Growing decision trees

Like all supervised machine learning models, decision trees are trained to best explain a set of training examples. The optimal training of a decision tree is an NP-hard problem. Therefore, training is generally done using heuristics—an easy-to-create learning algorithm that gives a non-optimal, but close to optimal, decision tree.

Most algorithms used to train decision trees work with a greedy divide and conquer strategy. The algorithm starts by creating a single node (the root) and recursively and greedily grows the decision tree.

At each node, all the possible conditions are evaluated and scored. The algorithm selects the "best" condition, that is, the condition with the highest score. For now, just know that the score is a metric that correlates with the task, and conditions are selected to maximize that metric.

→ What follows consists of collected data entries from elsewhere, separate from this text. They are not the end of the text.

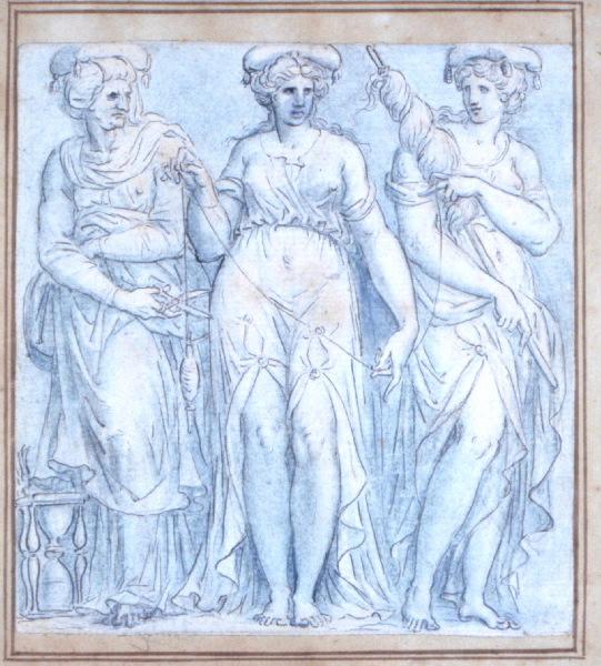 scène mythologique (Les Parques, filage, Clotho, Lachésis, Atropos, travaux d'aiguille, quenouille, vie)
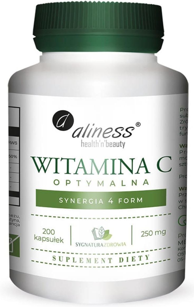 Aliness Witamina C optymalna 250 mg 200 vege kapsułek Witamina C optymalna, 200 kapsułek suplement diety Synergia 4 form Działanie witaminy C przyczynia się do prawidłowego funkcjonowania układu odpornościowego pomaga w prawidłowej produkcji kolagenu w celu zapewnienia prawidłowego funkcjonowania, …
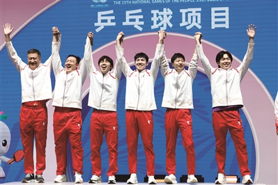 11月20日,由马龙、王楚钦、黄友政组成的北京队在十五运会乒乓球男团决赛中以3比1战胜樊振东、许昕、周恺出战的上海队。这是北京队时隔32年再次在全运会男团比赛中登顶,37岁的马龙六战全运会,拿到个人全运会第五金。
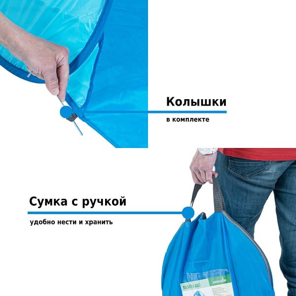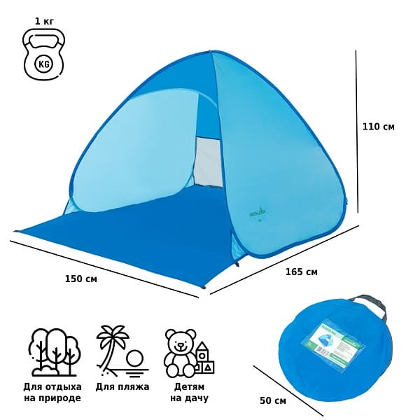 Тент защитит от солнечных лучей в жаркий день. Палатка очень компактная и легкая, поэтому ее удобно брать с собой. Сборка происходит автоматически за несколько секунд.

For example, in the Palmer Penguins dataset (used for code examples later in this course), most Adelie and Chinstrap penguins have a bill's length greater than 16mm, while most of the Gentoo penguins have smaller bills. Therefore, the condition bill_length_mm ≥ 16 makes almost perfect predictions for the Gentoo penguins, but can't differentiate between Adelies and Chinstraps. The algorithm will probably pick this condition.

One condition leading to two leaves. The condition is 'bill_length_mm >= 16'.
If yes, the leaf is 'Adelie or Chinstrap'.  If no, the leaf
is 'Gentoo'.

Figure 7. The first step in growing a tree.


The algorithm then repeats recursively and independently on both children nodes. When no satisfying conditions are found, the node becomes a leaf. The leaf prediction is determined as the most representative label value in the examples.

The algorithm is as follow:

def train_decision_tree(training_examples):
  root = create_root() # Create a decision tree with a single empty root.
  grow_tree(root, training_examples) # Grow the root node.
  return root

def grow_tree(node, examples):
  condition = find_best_condition(examples) # Find the best condition.

  if condition is None:
    # No satisfying conditions were found, therefore the grow of the branch stops.
    set_leaf_prediction(node, examples)

  # Create two childrens for the node.
  positive_child, negative_child = split_node(node, condition)

  # List the training examples used by each children.
  negative_examples = [example for example in examples if not condition(example)]
  positive_examples = [example for example in examples if condition(example)]

  # Continue the growth of the children.
  grow_tree(negative_child, negative_examples)
  grow_tree(positive_child, positive_examples)

Let's go through the steps of training a particular decision tree in more detail.

Step 1: Create a root:

A node with a question mark.

Step 2: Grow node #1. The condition "x1 ≥ 1" was found. Two child nodes are created:

A root node
   leading to two undefined nodes.

Step 3: Grow node #2. No satisfying conditions were found. So, make the node into a leaf:

A root
   node leading to two undefined nodes.

Step 4: Grow node #3. The condition "x2 ≥ 0.5" was found. Two child nodes are created.

A root node, a
condition, and three leaves.

Other methods exist to grow decision trees. A popular alternative is to optimize nodes globally instead of using a divide and conquer strategy.

In TF-DF, decision trees are grown with the "greedy divide and conquer" algorithm described above by default. Alternatively, you can enable global growth with growing_strategy=BEST_FIRST_GLOBAL.

Depending on the number and type of input features, the number of possible conditions for a given node can be huge, generally infinite. For example, given a threshold condition $\mathrm{feature}_i \geq t$, the combination of all the possible threshold values for $t \in \mathbb{R}$ is infinite.

The routine responsible for finding the best condition is called the splitter. Because it needs to test a lot of possible conditions, splitters are the bottleneck when training a decision tree.

The score maximized by the splitter depends on the task. For example:

  • Information gain and Gini (both covered later) are commonly used for classification.
  • Mean squared error is commonly used for regression.

There are many splitter algorithms, each with varying support for:

  • The type of features; for example, numerical, categorical, text
  • The task; for example, binary classification, multi-class classification, regression
  • The type of condition; for example, threshold condition, in-set condition, oblique condition
  • The regularization criteria; for example, exact or approximated splitters for threshold conditions

In addition, there are equivalent splitter variants with different trade-offs regarding memory usage, CPU usage, computation distribution, and so on.

In TF-DF, splitters are selected implicitly from the automatically detected (or manually specified) type of the feature, the hyperparameters, and the estimated speed of each splitter (during training, TF-DF runs a small model to predict the speed of each candidate splitter).